The Vidjil web application allows to run several RepSeq algorithms. Each RepSeq algorithm (selected by « process configuration », see above) has its own definition of what a clone is (or, more precisely a clonotype), how to output its sequence and how to assign a V(D)J designation. Knowing how clonotypes are defined is important to be aware of the potential biases that could affect your analysis.
How do you define a clonotype? How are gathered clonotypes?
Some RepSeq studies want to broadly cluster clonotypes to have a global view on the immune repertoire. One may want to focus on CDR3 on the amino-acid level, or on the nucleotide level. One also generally wants to correct technological artifacts (PCR, sequencing). On the contrary, when studying hypermutations in IGH recombinations, people want to know as precisely as possible differences between sequences, even when they occur for a single nucleotide in the V gene or elsewhere.
In vidjil-algo (Giraud, Salson, BMC Genomics 2014), sequences are gathered into a same clonotype as long as they share the same 50bp DNA sequence around the CDR3 sequence. In a first step, the algorithm has a quick heuristic which detects approximatively where the CDR3 lies and extracts a 50bp nucleotide sequence centered on that region. This region is called a window in vijdil-algo. When two sequences share the same window, they belong to the same clonotype. Therefore in vidjil-algo clonotypes are only defined based on the (conservative) exact match of a long DNA sequence. This explains why some small clonotypes can be seen around larger clonotypes: They may be due to artifacts that lead to different windows. However those small differences can also be due to a real biological process inside the cells. Therefore we let the user choose whether the clonotypes should be manually clustered or not -- and the choice may depend on the purpose of her study.
In MiXCR, clonotypes are defined based on the amino-acid CDR3 sequence, on the V gene used and on the hypermutations. Other software may have other definitions, see also What is a clone ?.
What is the sequence displayed for each clonotype ?
The sequences displayed for each clonotype are not individual reads.
The clonotypes may gather thousands of reads, and all these reads can have
some differences.

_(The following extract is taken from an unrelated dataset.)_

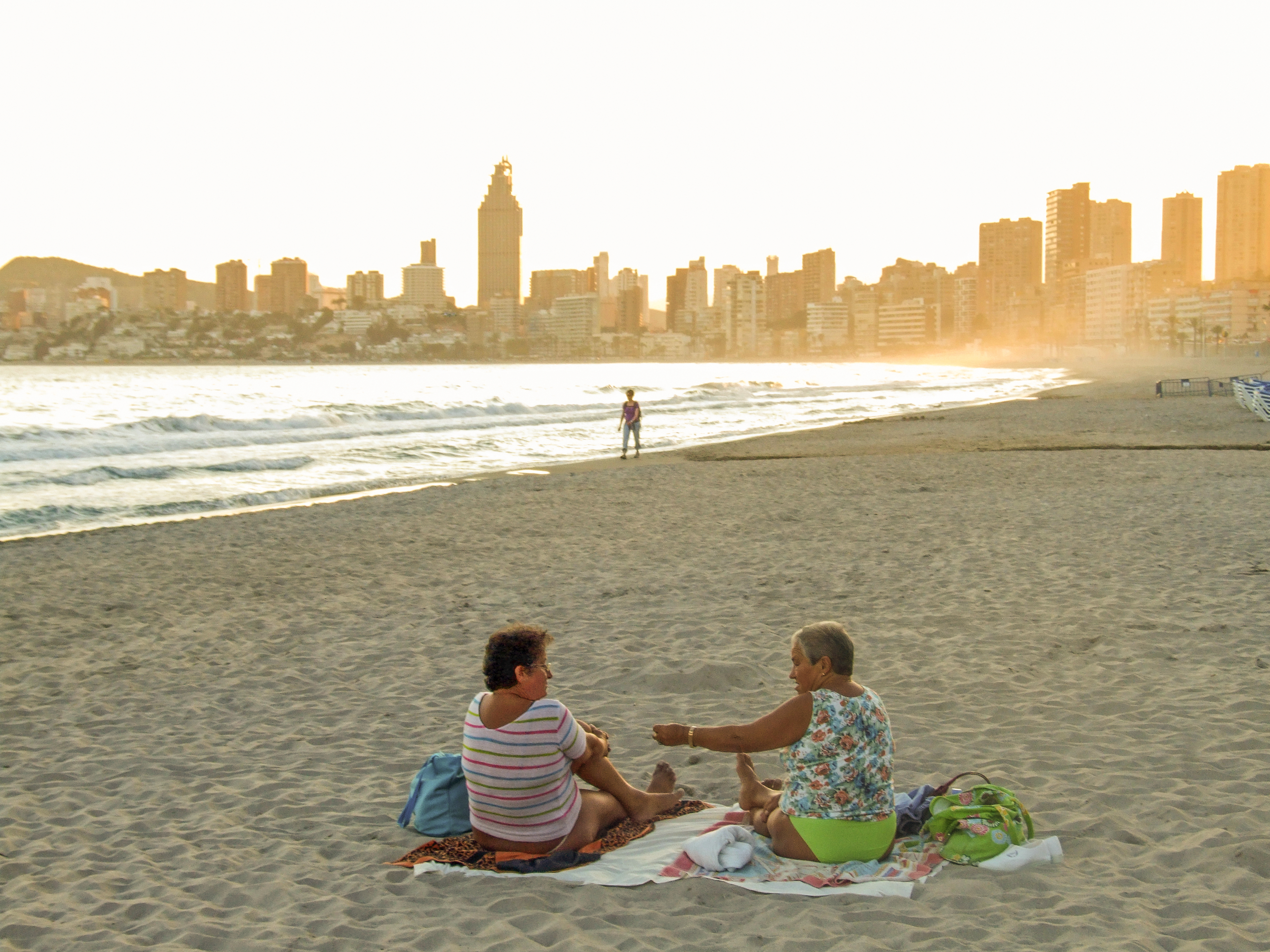 Playa Poniente in Benidorm when the sun sets. Picture taken 2009.

Depending on the sequencing technology, the reads
inside a clonotype can have different lengths or can be shifted,
especially in the case of overlapping paired-end sequencing. There can be also
some sequencing errors.
.vidjil file has to give one consensus sequence per clonotype, and
RepSeq algorithms have to deal with great care to these difference in
order not to gather reads from different clonotypes.
For vidjil-algo, it is required that the window centered on the CDR3 is exactly shared by all the reads. The other positions in the consensus sequence are guaranteed to be present in at least half of the reads. The consensus sequence can thus be shorter than some reads.

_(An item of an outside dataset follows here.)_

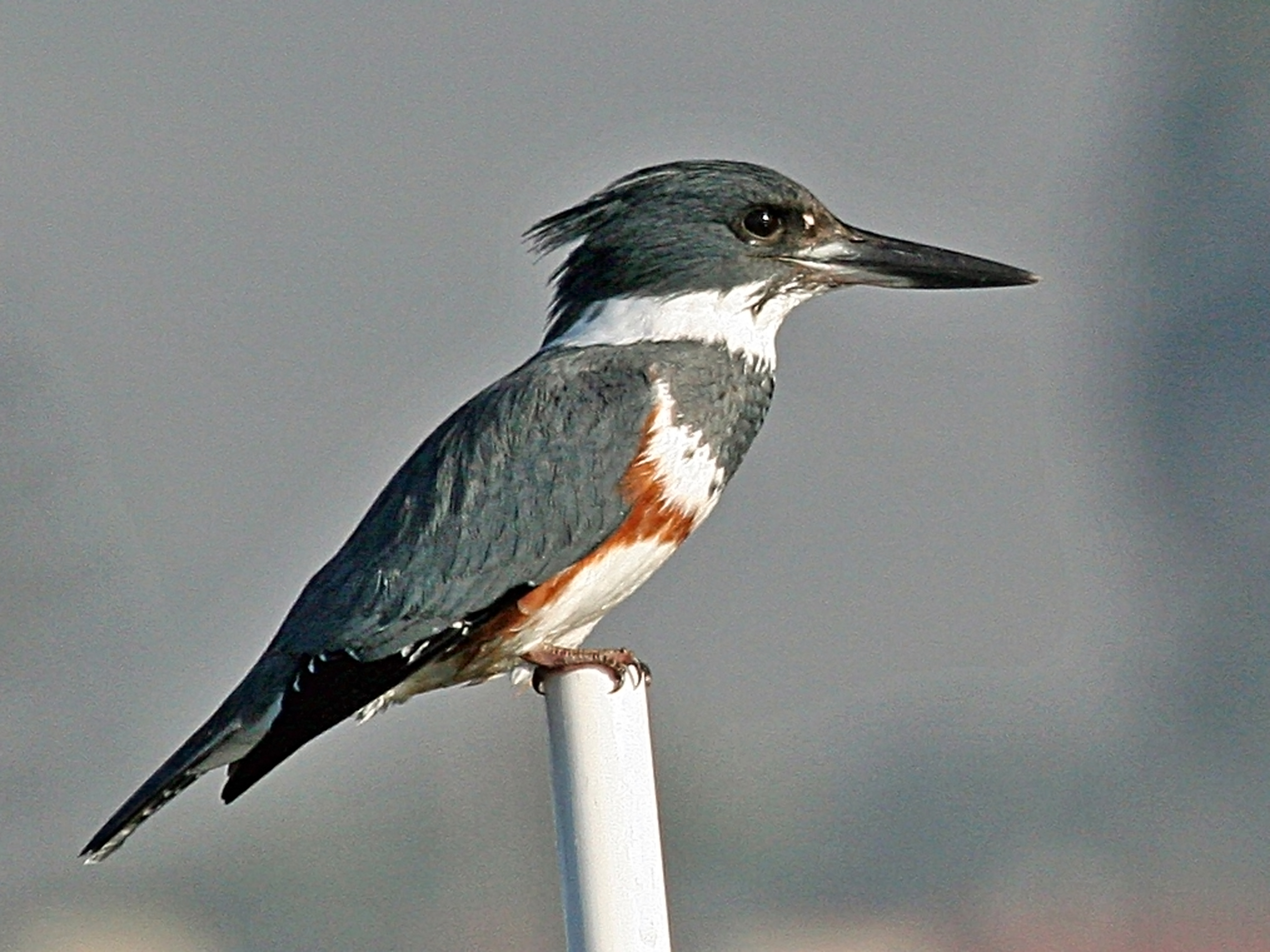 Female Belted Kingfisher Megaceryle alcyon, Morro Bay, California, USA.

How are computed the V(D)J designations?
In vijdil-algo, V(D)J designations are computed after the clonotype clustering by dynamic programming, finding the most similar V (or 5') and J (or 3') gene, then trying to match a D gene. Note that the algorithm also detects some VDDJ or VDDDJ recombinations that may happen in the TRD locus. Some incomplete or unusual rearrangements (Dh/Jh, Dd2/Dd3, KDE-Intron, mixed TRA-TRD recombinations) are also detected.
Once clonotypes are selected, you can send their sequence to IMGT/V-QUEST and IgBlast by clicking on the links just above the sequence panel (bottom left). This opens another window/tab.
Why do some clonotypes not have V(D)J designations?
In a first step, vidjil-algo detects and cluster clonotypes that have significant similarities to both V and J regions. In a second step, vidjil-algo designates V, (D), and J genes on the clonotypes. Sequences without V(D)J designations are the ones that successfully went through the first step but not through the second step.
Such sequences can be actual clones that need to be investigated, especially clones with unusual recombinations, such as translocations. They can be also spurious clones: For example low-complexity sequences may share significant regions to low-complexity regions of V or J genes. Such spurious clones may appear especially on large datasets coming from full RNA-seq or whole-genome sequencing.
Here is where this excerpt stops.